Daneben kann die Monopolkommission Sondergutachten nach eigenem Ermessen erstellen. Vor jeder Entscheidung im Rahmen eines Ministererlaubnisverfahrens oder bei entsprechendem Auftrag durch die Bundesregierung ist die Monopolkommission zur Erstellung eines Sondergutachtens verpflichtet. 

Die Ministererlaubnis in der Fusionskontrolle

In Ausnahmefällen fungiert der Bundesminister für Wirtschaft und Energie als Kartellbehörde, soweit er nach § 42 Abs. 1 GWB über einen Antrag auf Ministererlaubnis entscheiden muss. Er kann einen vom Bundeskartellamt untersagten Unternehmenszusammenschluss erlauben, wenn im Einzelfall die Wettbewerbsbeschränkung infolge der Fusion von gesamtwirtschaftlichen Vorteilen aufgewogen wird oder durch ein überragendes Interesse der Allgemeinheit gerechtfertigt ist (weitere Informationen dazu finden Sie in der Rubrik "Ministererlaubnis - Voraussetzung und Verfahren").

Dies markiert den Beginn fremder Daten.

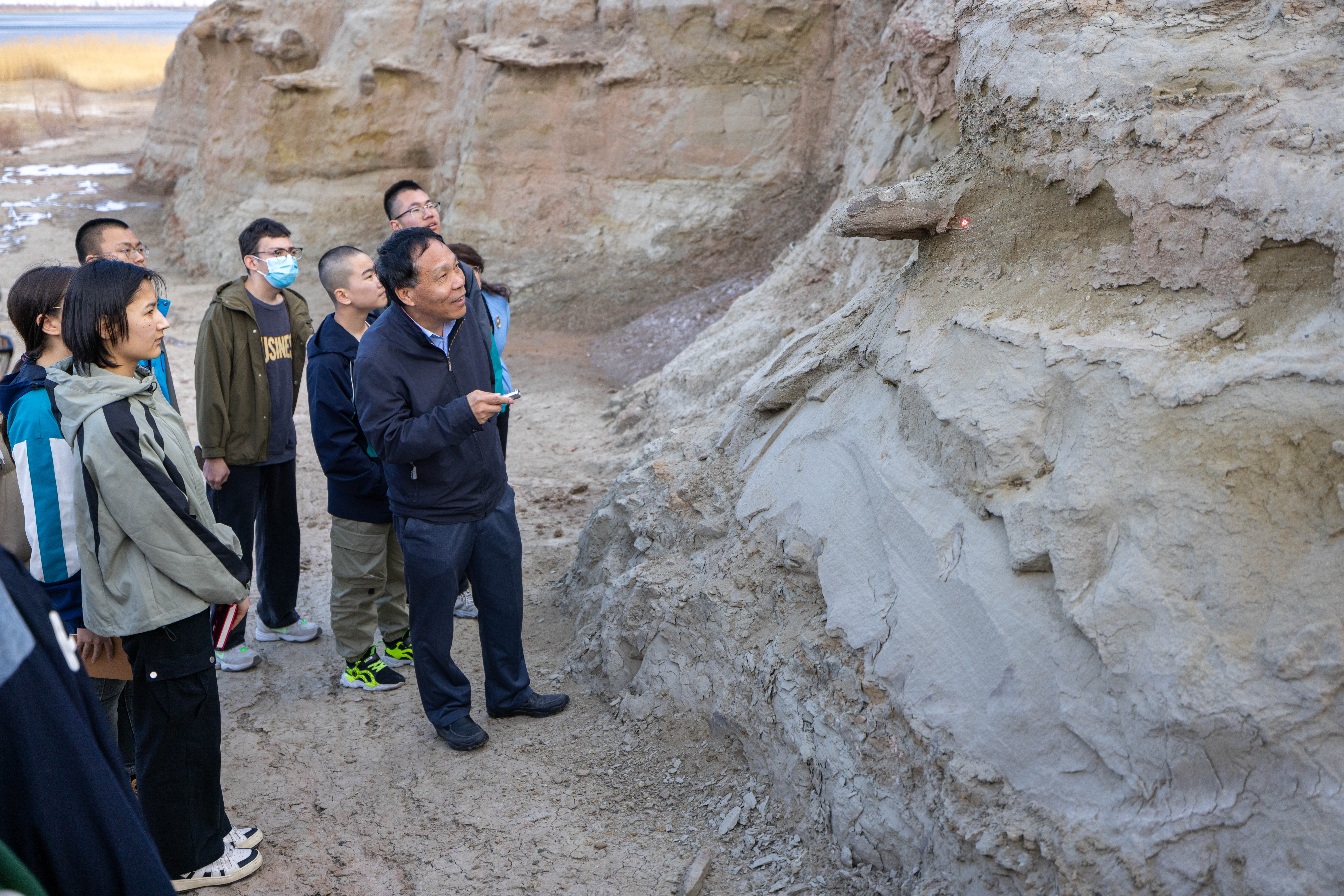 参观结束后,“油苗”们乘车前往红山湖进行野外地质露头观测。在红山湖畔,谢庆宾教授将课堂理论学习、实验室观测以及野外实践结合,详细讲述了红山湖露头的地质特征、形成演化历史以及油气储层特征与形成机理。
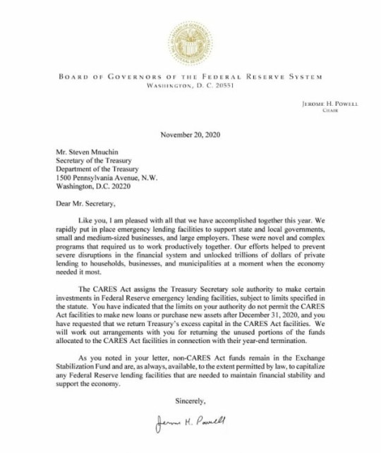 지난 19일 저녁 므누신 재무장관이 Fed의 긴급대출 프로그램들을 연말로 끝낼 것을 요구했다는 뉴스가 나왔습니다. 제롬 파월 의장에게 서한을 보내 "지난 3월 긴급 부양책(CARES Act)에 따라 집행된 자금으로 만들어진 대출기구들이 설립 목표를 명확히 달성했다"며 예정대로 12월31일까지 기구를 정리해 종잣돈 4540억 달러를 반환할 것을 요구한 것입니다.
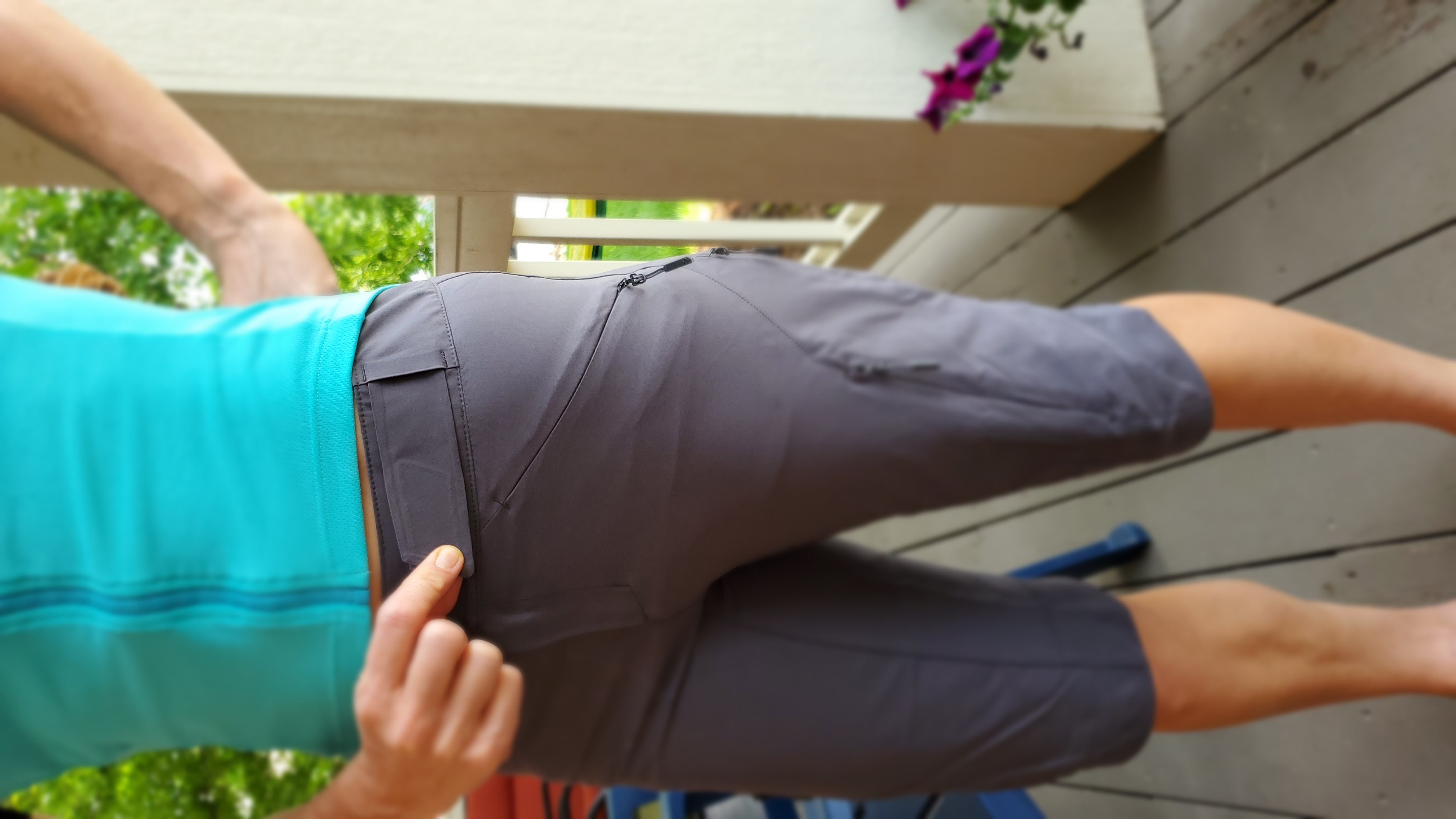 The fit of these shorts is my favorite part. They maintain the non-lycra look of a good mountain bike short without looking frumpy and overly loose. The band at the top of the shorts has a stretchy Velcro tab you can pull to cinch the shorts so you don’t have a gap in the back as your shorts wrap around your “wattage cottage”. The shorts are narrow, slimming and without bulging seams and pockets. All of the zippers on the shorts are integrated below the material of the shorts making a really smooth look.

Zuletzt hat der Bundeswirtschaftsminister am 17. April 2008 für das Zusammenschlussvorhaben zwischen dem Universitätsklinikum Greifswald und dem Kreiskrankenhaus Wolgast eine Ministererlaubnis erteilt.

Gesetz gegen den unlauteren Wettbewerb (UWG)

Ebenfalls zum deutschen Wettbewerbsrecht gehört das Gesetz gegen den unlauteren Wettbewerb (UWG). Für dieses Gesetz ist das Bundesministerium der Justiz (BMJ) federführend zuständig. Wegen der wirtschaftlichen Auswirkungen dieses Gesetzes hält das Bundesministerium für Wirtschaft und Energie engen Kontakt mit dem BMJ.